A node configuration for communication is configured by the master node 503 and the slave node 504. If it is not possible for the master node 503 to normally operate, a setting is processed so that the slave node 504 is able to communicate with the host computer 501, the host computer 502, the RAID storage 505, and the RAID storage 506 without an instruction from the master node 503.
Then, the slave node determines if any other node is connected in order to retain the communication load distribution. If some other node is connected to the slave node 504, a new configuration. with the other node is reconfigured so as to retain the communication load distribution. Here, the other node is not shown.
A node 600 includes a control portion 601, a storage portion 602, a transmitting/receiving portion 603, a transmitting/receiving portion 604, and a connecting portion 605.
In the embodiment, the connecting portion 605 performs similar operation performed in the connecting means described in the claims. Operations performed in the response monitoring means, communication controlling means, information processing device connection determining means, and communication instructing means are similar to those performed in the control portion 601. Also, the storage portion 602 operates a similar operation performed in the storage means.
The node 600 is connected to a host computer by using the transmitting/receiving portion 603, and connected to a mass storage device by using the transmitting/receiving portion 604.
The node 600 is further connected to the other node by using the connecting portion 605. With the node connected through the connecting portion 605, the node 600 has a master-slave relationship, and in this embodiment, the node 600 is a slave node. Here, the slave node functions as a node which communicates with the host computer connected to the transmitting/receiving means 603 and the mass storage device connected to the transmitting/receiving means 604 in accordance with an instruction from a master node.
In the embodiment, only one transmitting/receiving portion 604 which connects to the mass storage device, and one connecting portion 605 which connects to the other node is described respectively, however, the present invention is not limited to the above, and more than one transmitting/receiving portion 604 or connecting portion 605 can be provided. Thus, it is not possible to connect the node 600 with a plurality of mass storage devices or a plurality of nodes.
The storage potion 602 stores a communication list. Here, the communication list shows nodes which communicate with the host computer and the mass storage device. Also, in the communication list, the master-slave relationship among nodes communicating with each other is shown, for example, the node 600 is a slave node, and one of the nodes connected to the node 600 is a master node.
In the embodiment, it is configured that nodes not shown in the communication list are not able to communicate with the host computer and the mass storage device.
Further, in the embodiment, a node simply referred to as a master node means a node connected to the node 600 and the node instructs the node 600 to communicate.
The control portion 601 performs an activation query notification which queries the master node if the master node is activated or not. Here, if a plurality of nodes is connected to the node 600, the control portion 601 performs the activation query notification to all of the nodes connected to the node 600 and shown in the communication list.
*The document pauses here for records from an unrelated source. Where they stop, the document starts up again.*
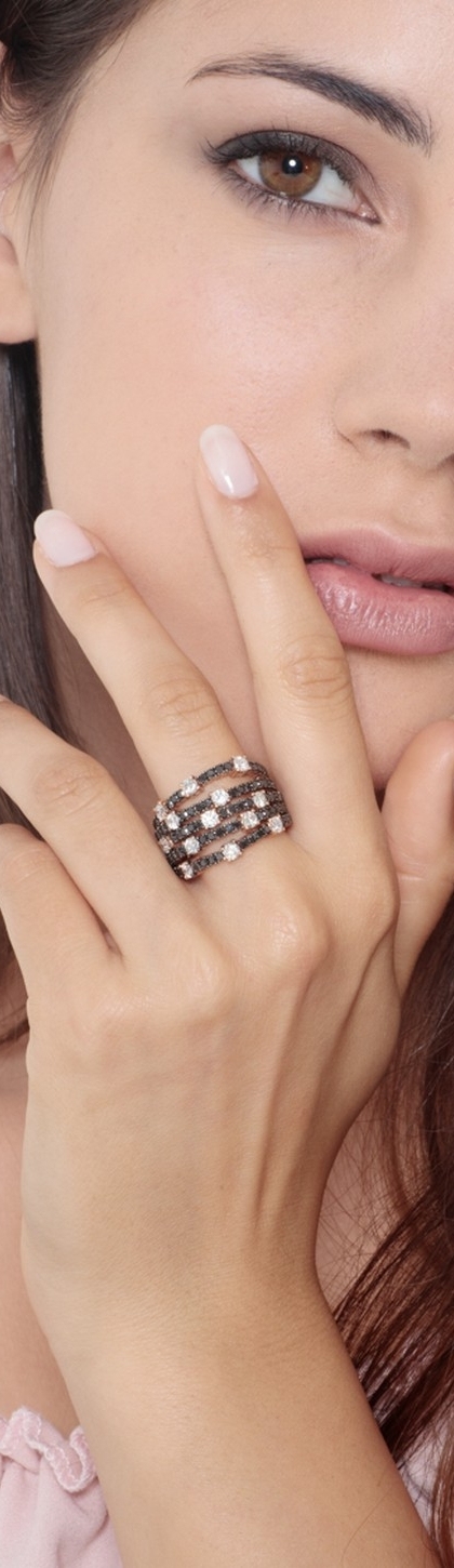 Anello tennis a 5 file in oro rosa 18k con diamanti neri e bianchi
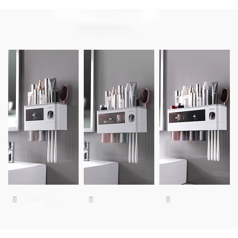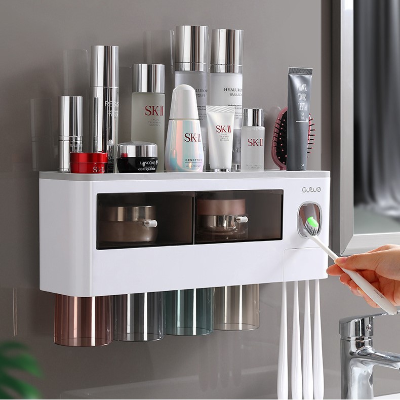 Bộ Nhả Kem Đánh Răng Tự Động , Kệ Dán Để Đồ Nhà Tắm Dán Tường Cao Cấp 1,2,3,4 Cốc Nhiều Màu Cao Cấp Sang Trọng & An Toàn
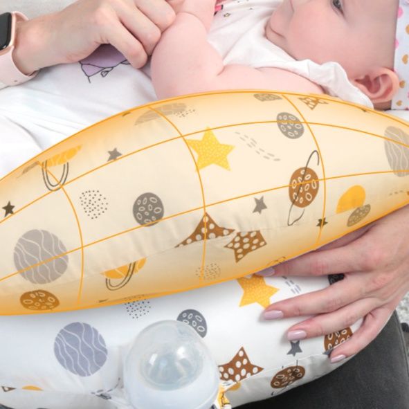 体にフィットする三日月型で赤ちゃんを優しく支え、授乳時の負担を軽減します。
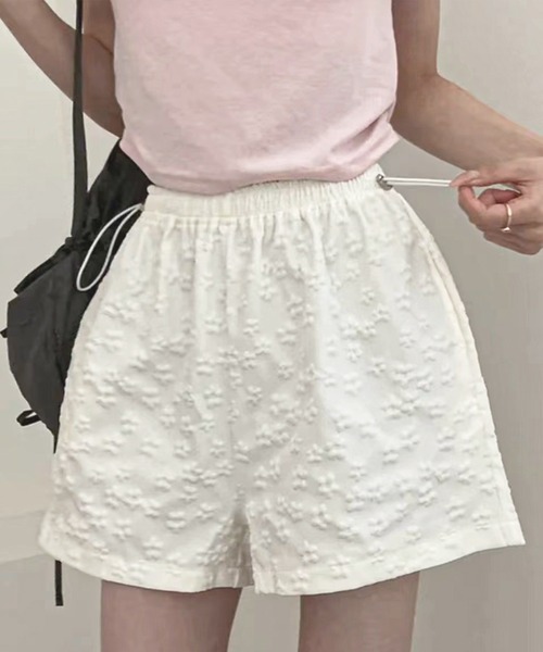 ガーリーでお花柄のショートパンツが登場♡ ♥ZOZOTOWN限定販売商品♥ ♡デザイン♡ エンボス加工が施されていてお花柄が浮き出た デザインのショートパンツ♡ ウエストがゴムになっていて、サイドにドローコードが 付いていてサイズ調整が可能! 生地感もさらっとしていて履きやすいです♡ ♡カラー展開♡ ホワイト、ブラック、ピンクの3色展開。 ベーシックな色味にガーリー感のある ピンクも選べてコーデの幅が広がります! ♡生地♡ 本体ポリエステル85%、綿15%を使用。 さらっと履ける素材感で楽ちんです♡ ♡コーデ♡ 夏らしくプリントTシャツで合わせて楽ちんな夏コーデに♡ お花柄が浮き出て可愛く見えます! シンプルだけどシンプルすぎないのがいい♡ シンプルな半袖ブラウスやカットソーと合わせるのが おすすめです♡ ~frunco shopping information~ ▼商品のお気に入り登録 完売カラーの再入荷通知入り登録 ♡をクリック!や、ラスト1点の通知、 セール商品の通知、をお知らせします。 ▼ブランドのお気に入り登録 新商品や再入荷など、fruncoのお得な情報を いち早く受け取ることができます。 ぜひご活用ください! 【商品画像について】 ・画像はサンプルです。 実際の商品と仕様、加工、サイズ、カラーが 若干異なる場合がございます。 ・生産時期により多少の色ブレが生じてしまう可能性が ございますことをご了承くださいませ。 ・撮影場所や照明の照射・角度、お使いのモニター環境により お色味が異なる場合がございます。 予めご了承ください。
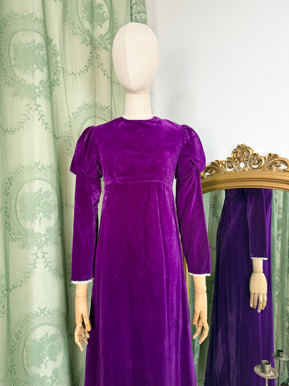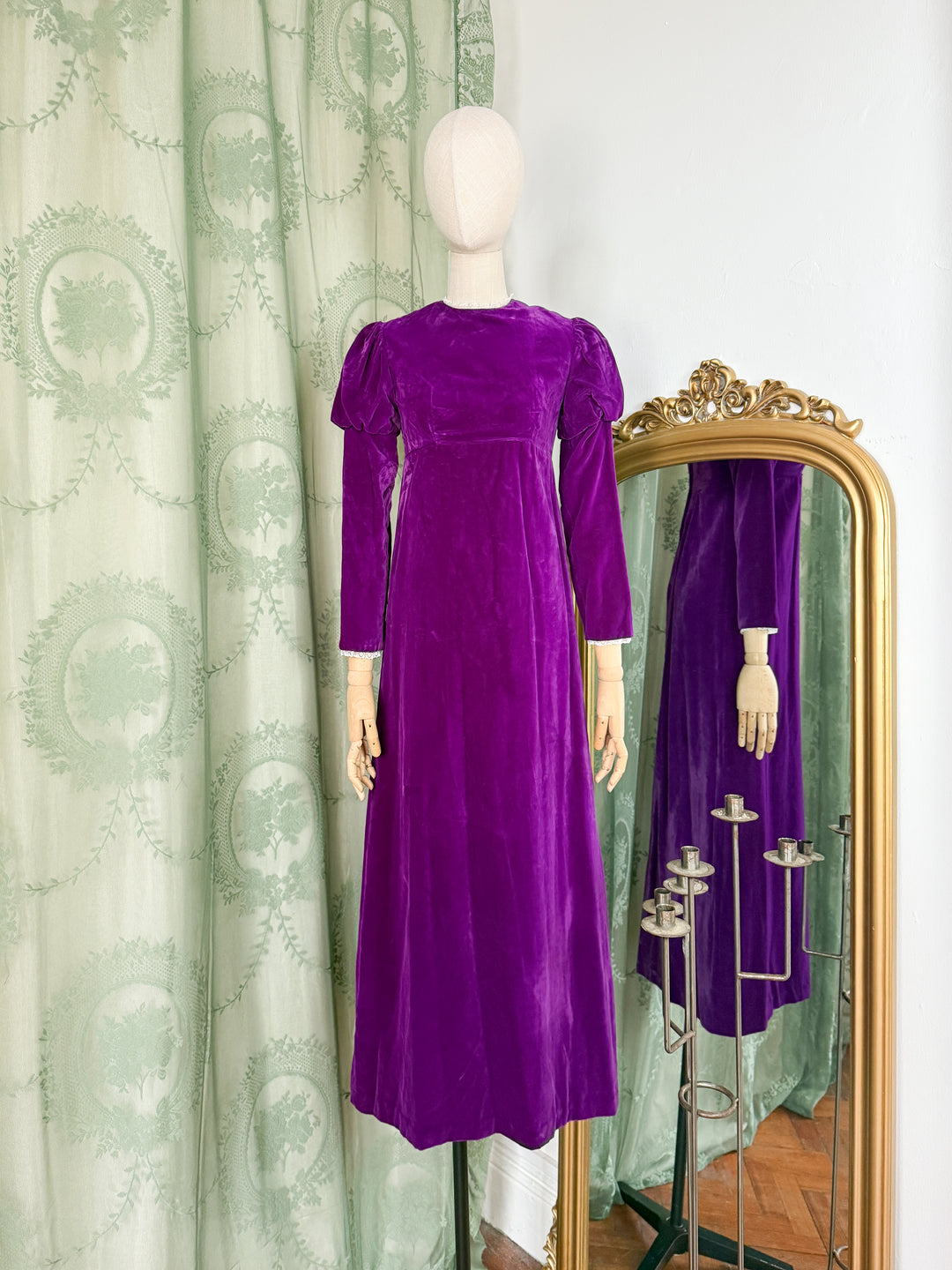 SABRINA ~ ADORABLE HAUNTING LATE 1960S JOHN CHARLES PURPLE VELVET MAXI DRESS
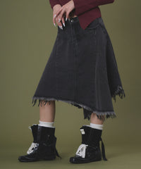 タックで立体的なシルエットをつくりながら、裾のフリンジがラフな抜け感を演出するデニムスカート。
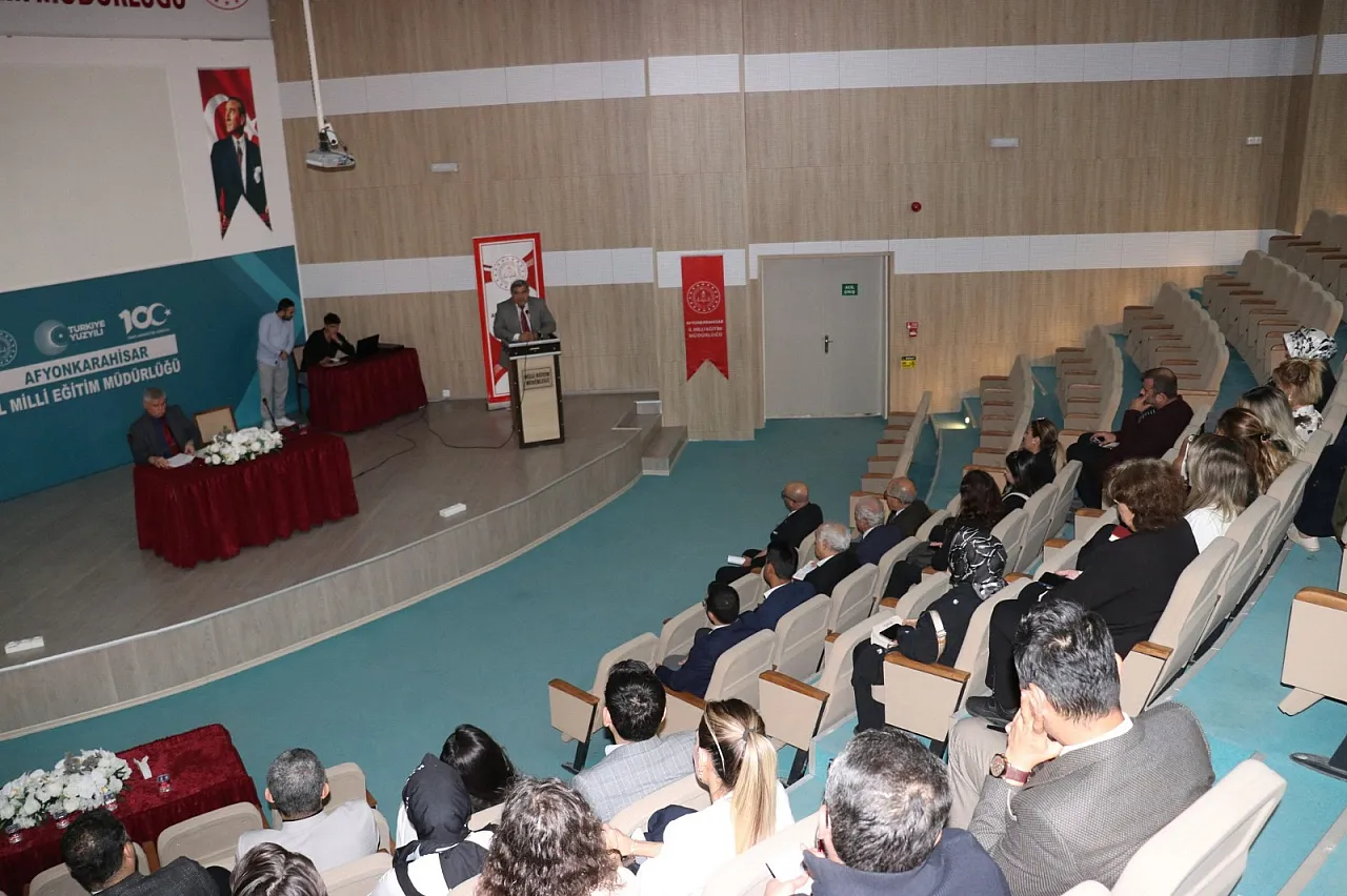 Afyonkarahisar İl Milli Eğitim Müdürlüğü Konferans Salonu’nda İl Milli Eğitim Müdürü Miraç Sünnetci, Müdür Yardımcısı Mevlüt Çınar ve il genelindeki özel okul, kurum idarecilerinin katıldıkları Değerlendirme Toplantısı düzenlendi.
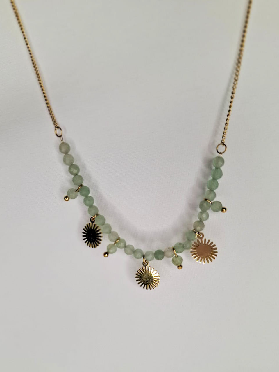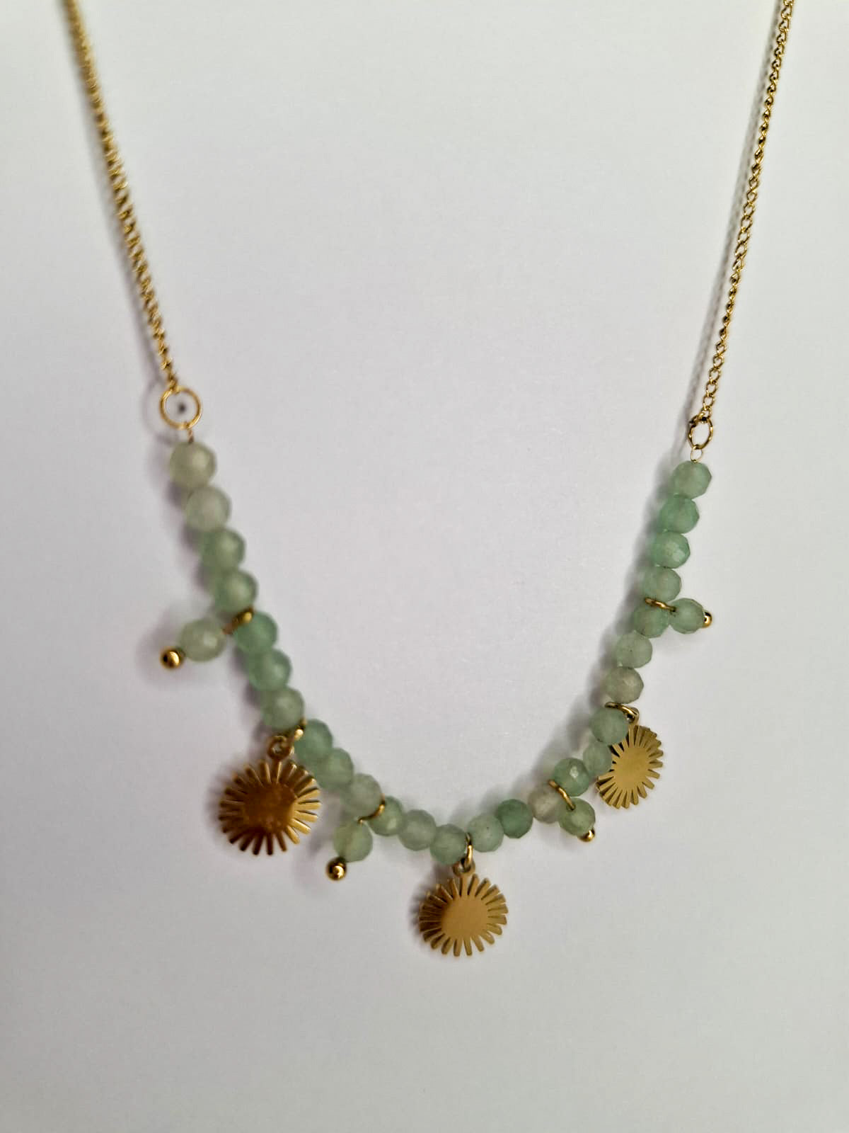 Este collar combina delicadas piedras verdes con pequeños soles dorados que iluminan sutilmente cada movimiento. Inspirado en la armonía de un jardín bañado por el sol, es una joya que refleja frescura, elegancia y vitalidad. Jardín Solar es ideal para mujeres que buscan florecer desde dentro, llevando su esencia con estilo y brillo propio. 💚
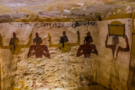 BAWITI, EGYPT - FEBRUARY 5, 2019: Wall painitngs in the Zed Amun Ef Ankh Tomb in Bahariya oasis, Egypt
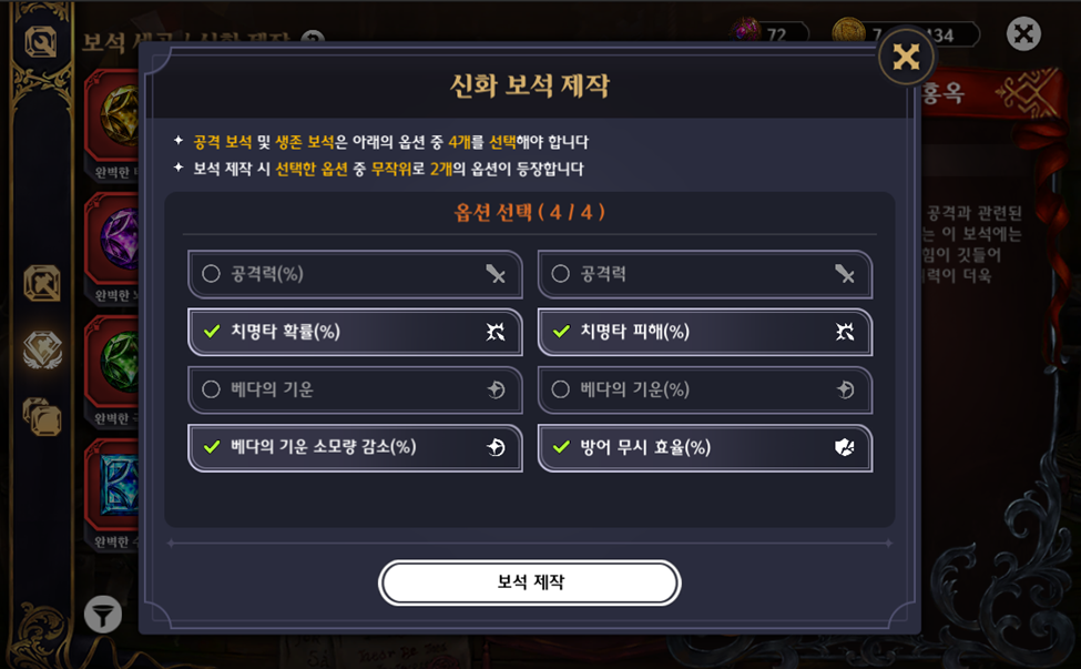 - [신화(★6) 보석] 제작 시 선택 가능한 능력치 중 4개를 선택하면 그 중 2개의 능력치를 부여 받게됩니다.
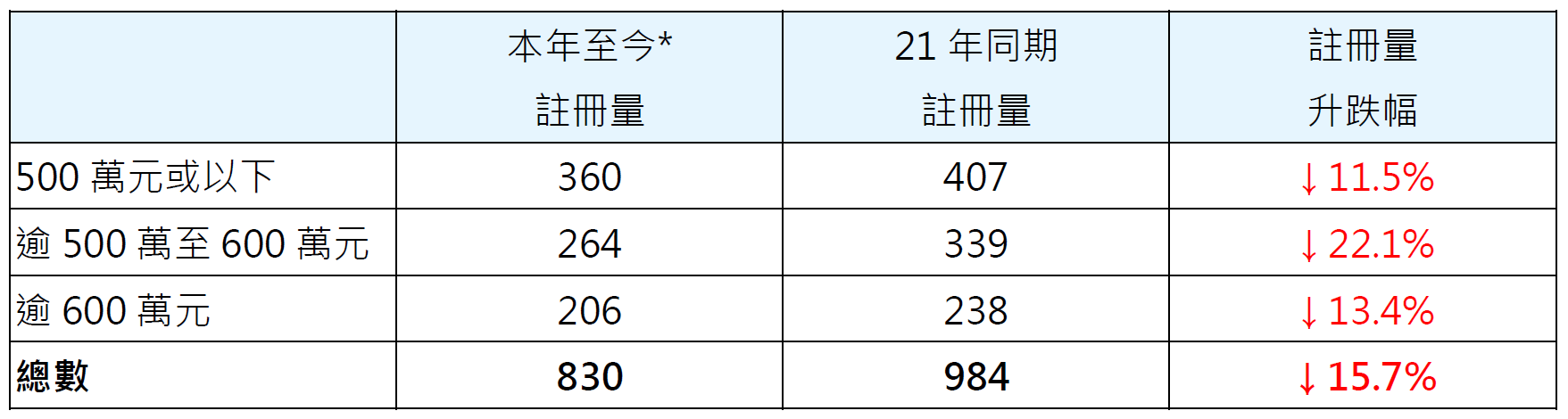 若按金额划分本年至今二手居屋注册量表现,其中价值逾500万至600万元二手居屋录264宗注册,较去年同期的339宗减少约22.1%;价值逾600万元二手居屋录206宗注册,较去年同期的238宗减少约13.4%;价值500万元或以下二手居屋录360宗注册,较去年同期的407宗减少约11.5%(见表一)。
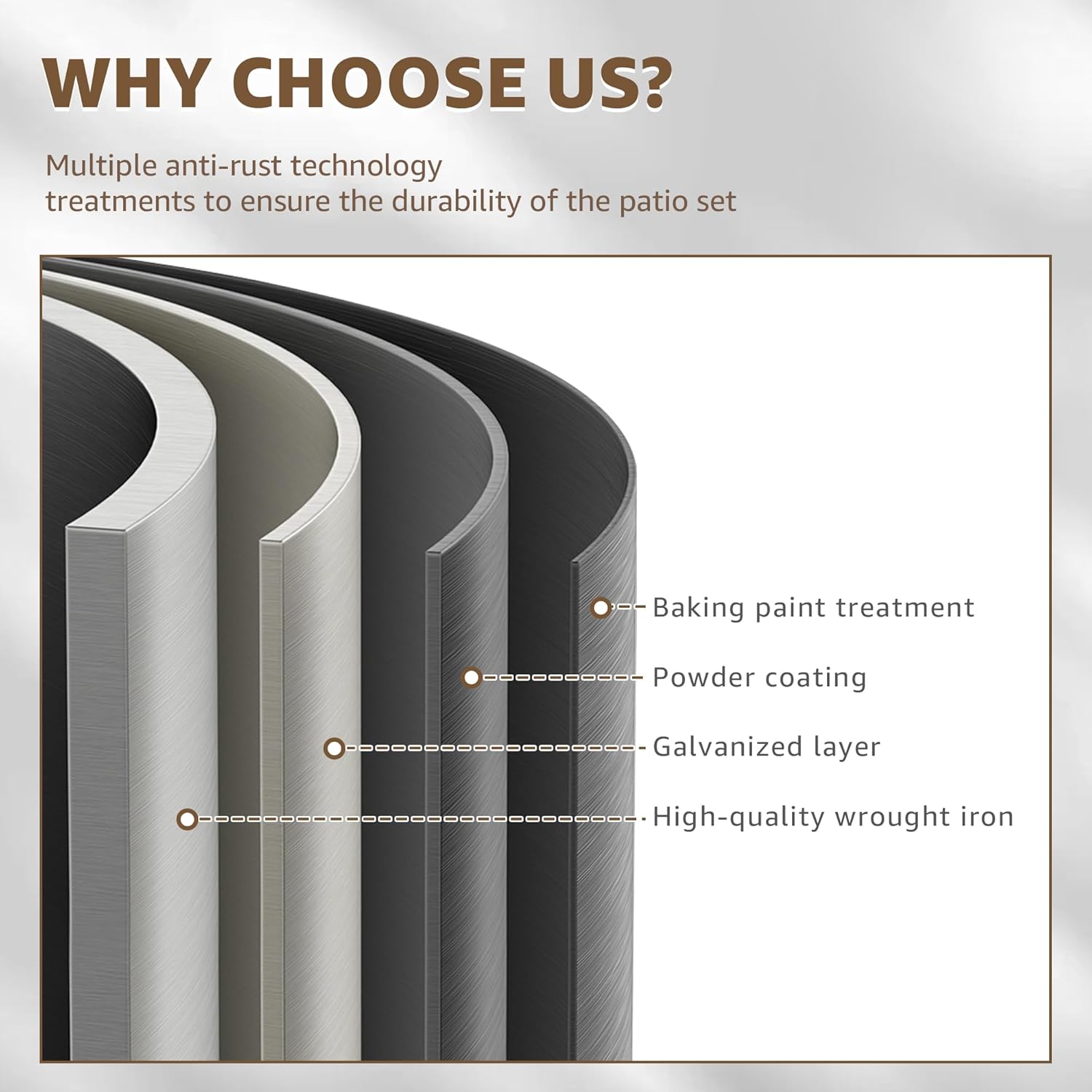 - 【Modern Unique Decor】This patio bistro set is designed to be modern and stylish,provide you a comfortable experience. The balance design of the rocking swivel chair is very good. Gently shake or rotate 360 degrees back and forth. Sway quietly to better relieve fatigue and stress, your family and friends could sit on the rocking swivel chair set and enjoy leisure time with you happliy.

Then, the control portion 601 monitors a response to the activation query notification from the master node.
The control portion 601 waits for the response for a predetermined period of time. If there is no reply even if the predetermined period of time has passed, the control portion 601 acquires a master privilege so that communication with the host computer or the like becomes possible without an instruction from the master node. Here, the master privilege denotes a node that instructs the other nodes to communicate with the host computer and the mass storage device in the node configuration (the node group shown in the communication list) configured to communicate with the host computer and the master node.
If the reply has been made in the predetermined period of time, the connecting portion 605 continues to receive a notification which notifies that an incorporating process is required from the master node.
The control portion 601 requests the incorporating process of the master node and the incorporating process is performed. After the incorporating process is completed, the connecting portion 605 receives an incorporating process completion notification from the master node.
Then, the control portion 601 sets to be a state that the node 600 can communicate with the host computer and the mass storage device, and completes the setting.
Further, if there is no reply even if the predetermined period of time has passed, the control portion 601 determines that a node which is not shown in the communication list and connected to the node 600 exists or not.
If the control portion 601 determines a node which is not shown in the communication list is connected to the node 600, then the control portion 601 performs the incorporating process with the node.
The storage portion 602, in the communication list, deletes the previous master node which did not reply, sets the node 600 as a master node, adds the node to which the incorporating process was newly performed, and updates the communication list.
Thus, it can be possible for the node 600, even if a failure or the like occurs in the connected master node, can be possible to communicate with the host computer or the like. Further, it can be possible for the node 600 to perform the communication load distribution and retain the redundant configuration by adding the new node to the communication list.
A slave node 8 is activated (step S701), and the slave node 8 queries the master node 7 whether the master node 7 is activated or not (step S702).
In the master node 7, a failure has occurred and the master node 7 is not able to reply to the slave node 8 that the master node 7 is activated.
The slave node 8 counts for a predetermined period of time until the master node 7 replies. If there is no reply from the master node 7 even if the predetermined period of time has passed, the slave node 8 considers it as a time-out (step S703).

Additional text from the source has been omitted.